# What you will do
What you return should be the lines from the one with "テーブル天板には強化ガラスの" through the one with "После завершения зимнего" in the data below, reproduced exactly with both ends, and no pictures at all.

# Supplied data
——

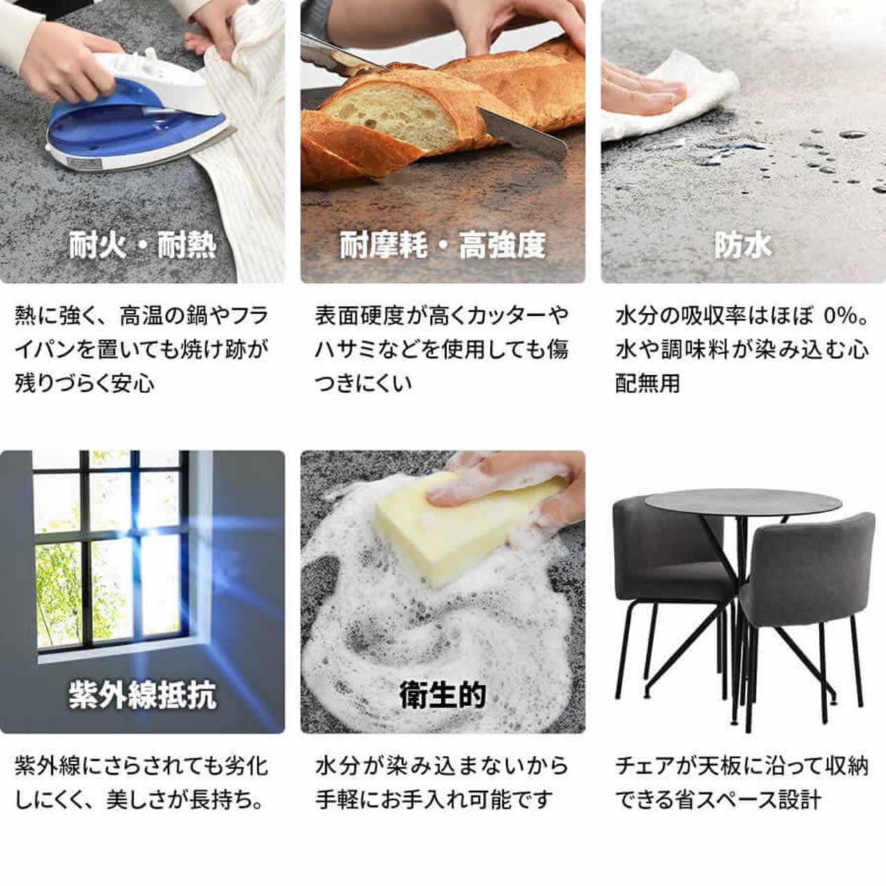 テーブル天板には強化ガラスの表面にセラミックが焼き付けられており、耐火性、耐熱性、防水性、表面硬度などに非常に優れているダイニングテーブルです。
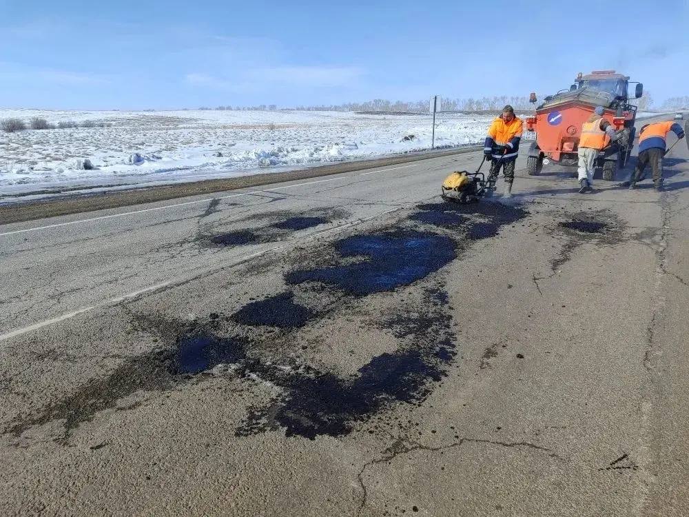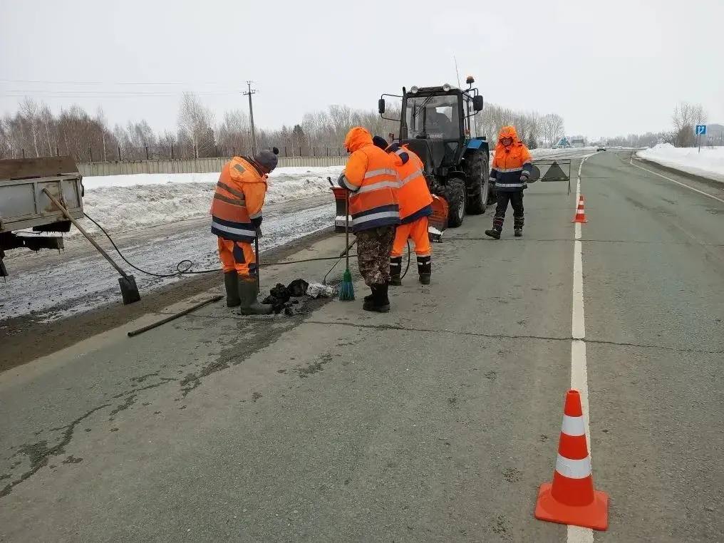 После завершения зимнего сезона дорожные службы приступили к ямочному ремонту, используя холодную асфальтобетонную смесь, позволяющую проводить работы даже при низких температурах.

——

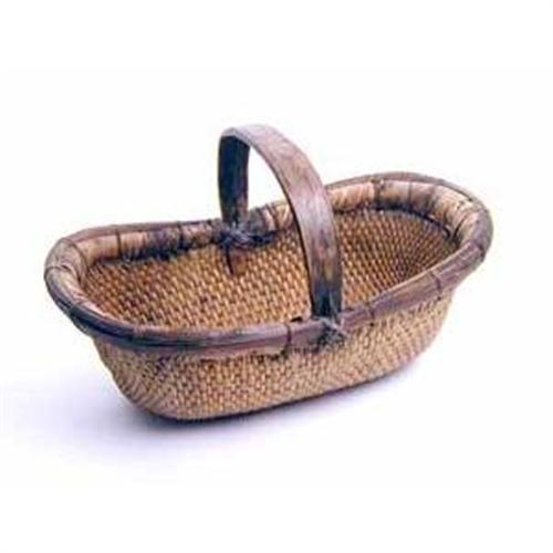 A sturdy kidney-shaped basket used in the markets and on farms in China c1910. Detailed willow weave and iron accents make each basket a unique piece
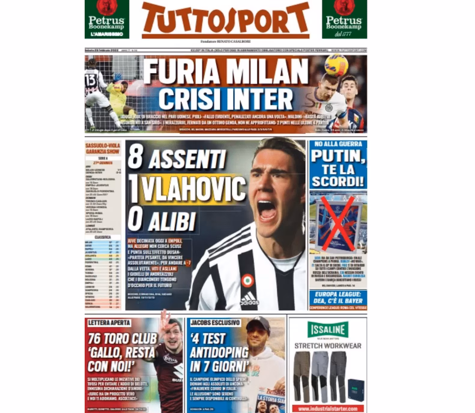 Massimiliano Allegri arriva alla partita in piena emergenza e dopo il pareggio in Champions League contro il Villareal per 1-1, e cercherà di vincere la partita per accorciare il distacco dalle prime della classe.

——

# Answer area
 テーブル天板には強化ガラスの表面にセラミックが焼き付けられており、耐火性、耐熱性、防水性、表面硬度などに非常に優れているダイニングテーブルです。
 После завершения зимнего сезона дорожные службы приступили к ямочному ремонту, используя холодную асфальтобетонную смесь, позволяющую проводить работы даже при низких температурах.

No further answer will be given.